The information in this map is intended only to provide customers with a general estimate regarding potential locations that may be impacted by a PSPS event should one become necessary. Conditions affecting a possible PSPS event can change quickly and the actual impact of a future PSPS event is uncertain.

 

Find your PG&E Geographic Zone and 7-day key below.

Tuesday, October 20, 2020 

NOTE: This forecast is based on weather conditions and fuel moisture content only and does not include other criteria used to determine whether a PSPS may be necessary.

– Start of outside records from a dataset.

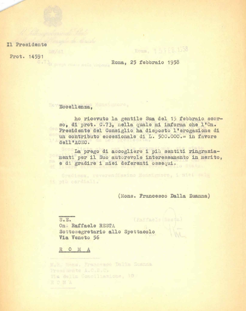 Due lettere di mons. Francesco Dalla Zuanna, presidente dell'ACEC: una all'on. Raffaele Resta, sottosegretario allo spettacolo, l'altra all'on. Lorenzo Spallino, sottosegretario di Stato alla presidenza del consiglio dei ministri
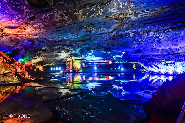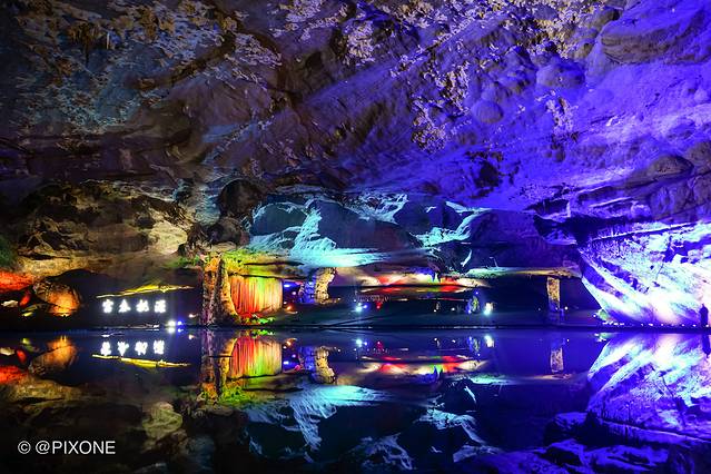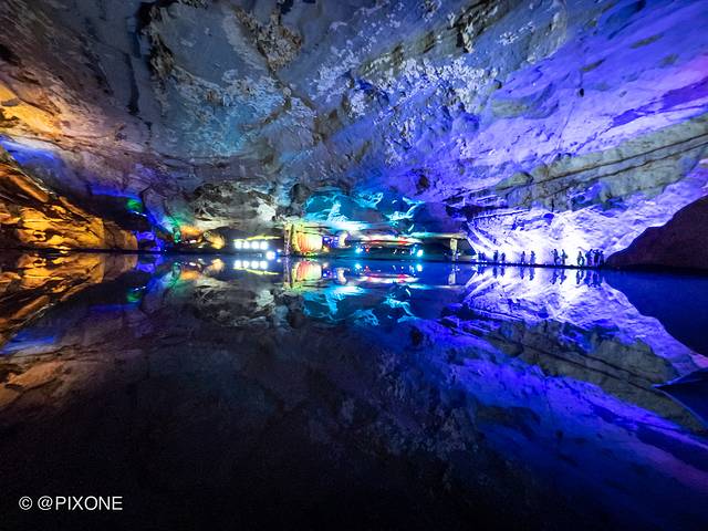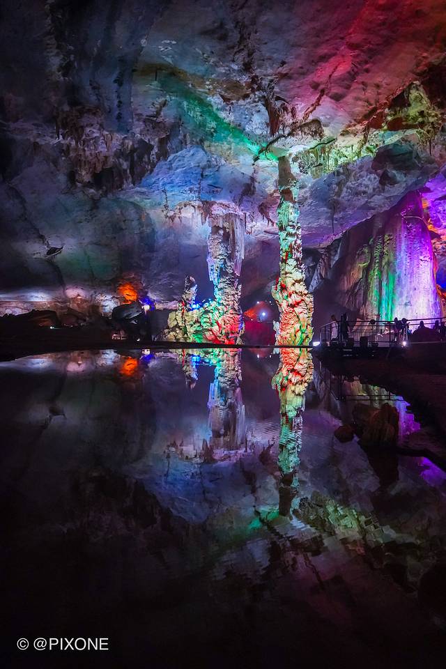 整个洞厅,犹如茶卡盐湖一样,水面倒映着七彩的钟乳石,而且洞顶正好犹如蓝天白云般的奇观,所以到这儿来拍照,出来的照片真的有蓝天白云的效果。
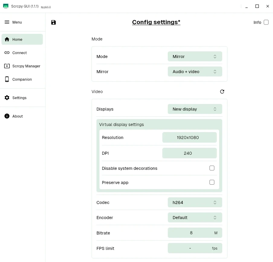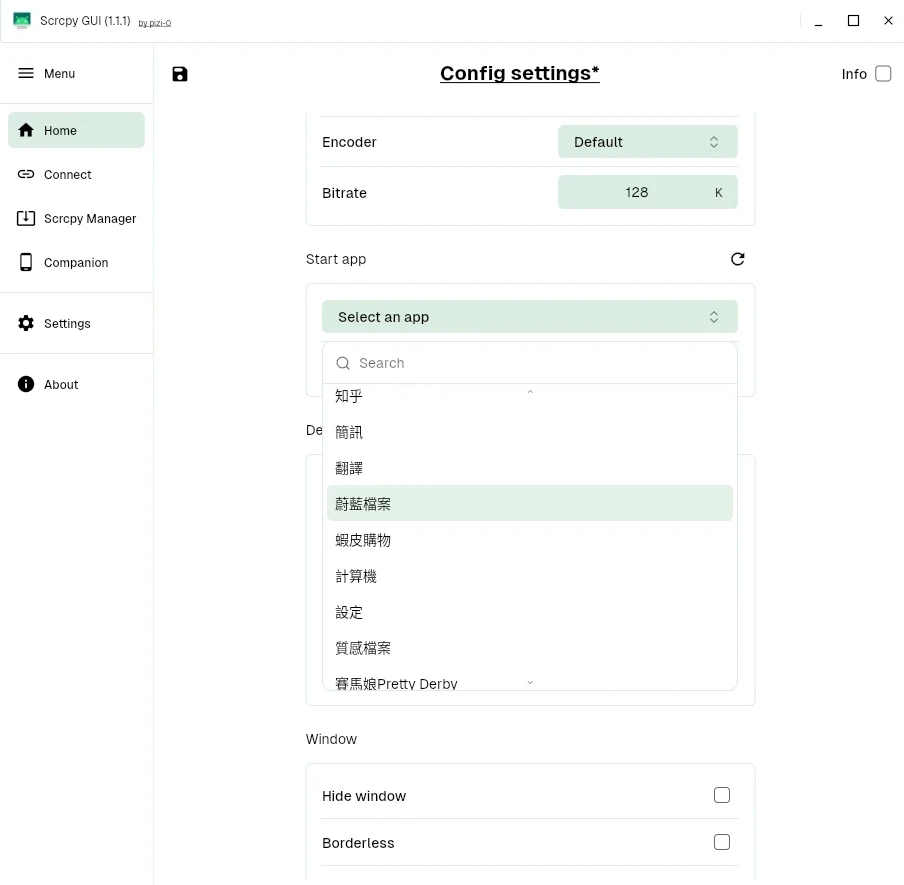 pizi-0開發的圖形界面Scrcpy GUI提供快捷設定檔的功能,裡面有各個指令的說明,這樣就能把虛擬顯示器的指令做成按鈕一鍵啟動了,減少打指令的麻煩。
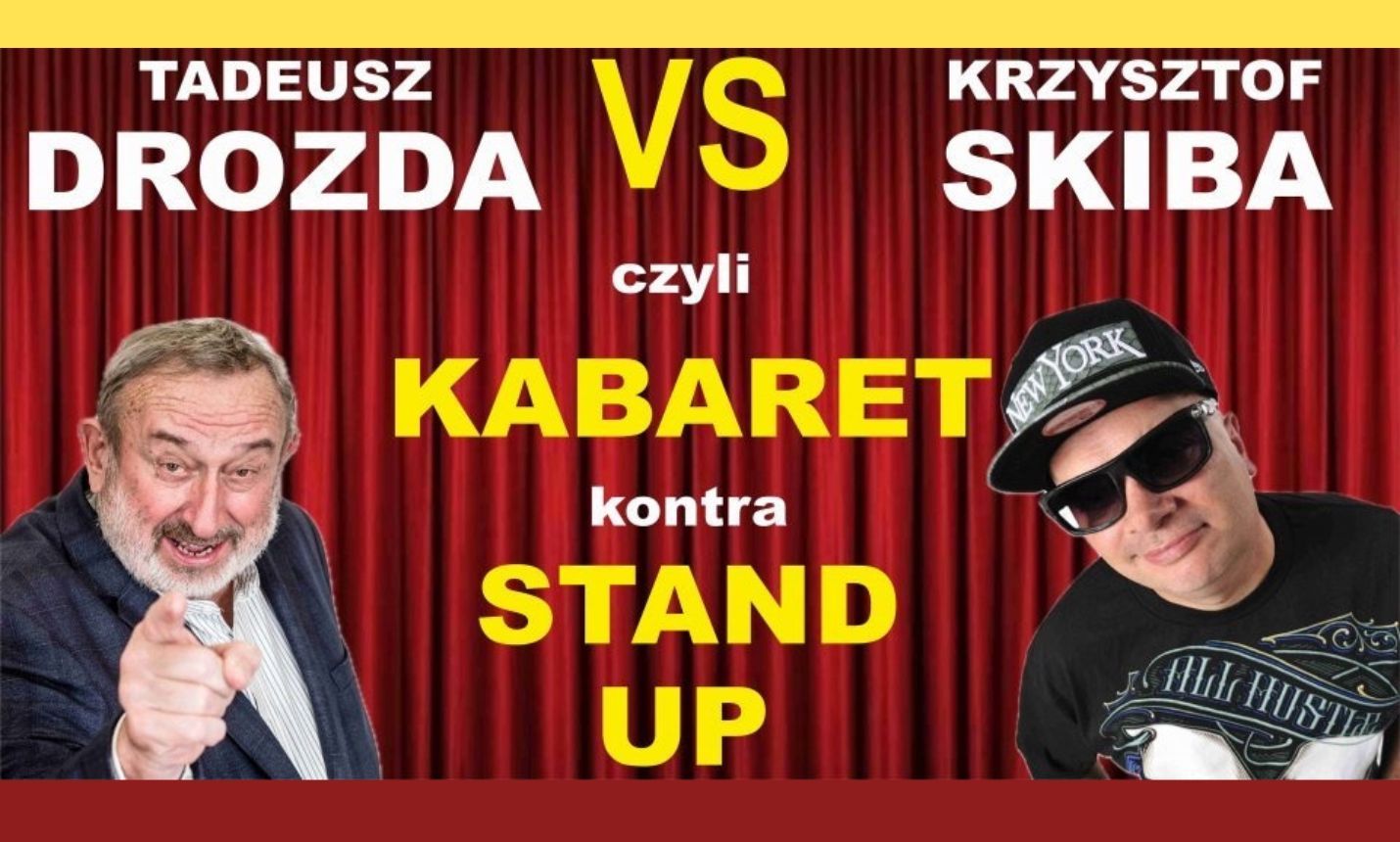 Widowisko komediowe "Kabaret kontra Stand-Up", czyli legenda kabaretu Tadeusz Drozda (lider kabaretu Elita, autor programów telewizyjnych "Śmiechu Warte", "Herbatka u Tadka" i "Dyżurny Satyryk Kraju") kontra stand-up, czyli Krzysztof Skiba (satyryk, autor tekstów zespołu Big Cyc, programy telewizyjne "Lalamido", "Uwaga Hotel", "Podróże z Żartem"). W tym trwającym dwie godziny spektaklu komediowym, widz będzie miał szanse być świadkiem konfrontacji scenicznej dwóch stylów komediowych. Pyszna zabawa, pełna żartów, aktualnych komentarzy i monologów komediowych, które rozbawią nawet najbardziej zatwardziałych ponuraków. Inteligentny humor dwóch wielkich osobowości polskiej estrady.
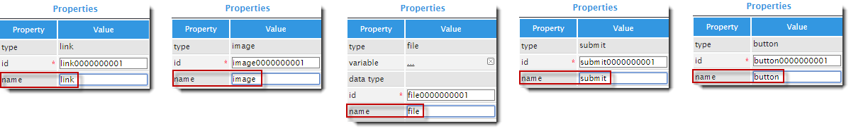 It is possible to add a name to some controls managed inside the designer. By default, the control with this property has the same name as the ID set by default. When the ID is changed by the user, the name does not change and keeps its original configuration. The name can also be changed by entering a new value in the property.

Summary: The PG&E Emergency Operations Center has been activated to prepare for a potential Diablo Wind event across Northern California Wednesday night through Friday morning. There is a PSPS Watch for Geographic Zones 1, 2, 3, 4, and 5. Please note that PSPS is not executed across entire Zones and much more detailed maps where PSPS is being considered can be found here: https://pgealerts.alerts.pge.com/outages/map/. This is only intended to provide a high level overview.  PSPS decisions are made at more granular levels based on high resolution data; thus, only a portion of a zone may experience a PSPS event. At this time, the highest probability areas for observing a PSPS are in the Northern Sacramento Valley and adjacent elevated terrain, the Northern Sierra Nevada generally north of I-80, the North Bay mountains and near Mt. Diablo in the East Bay Area.  At this time, the weather event is expected to begin Wednesday night across the far North and spread southward into the Bay Area Thursday through Friday morning. The start of the event is more than a day away so event details may change as forecast models evolve. Please stay tuned to future updates.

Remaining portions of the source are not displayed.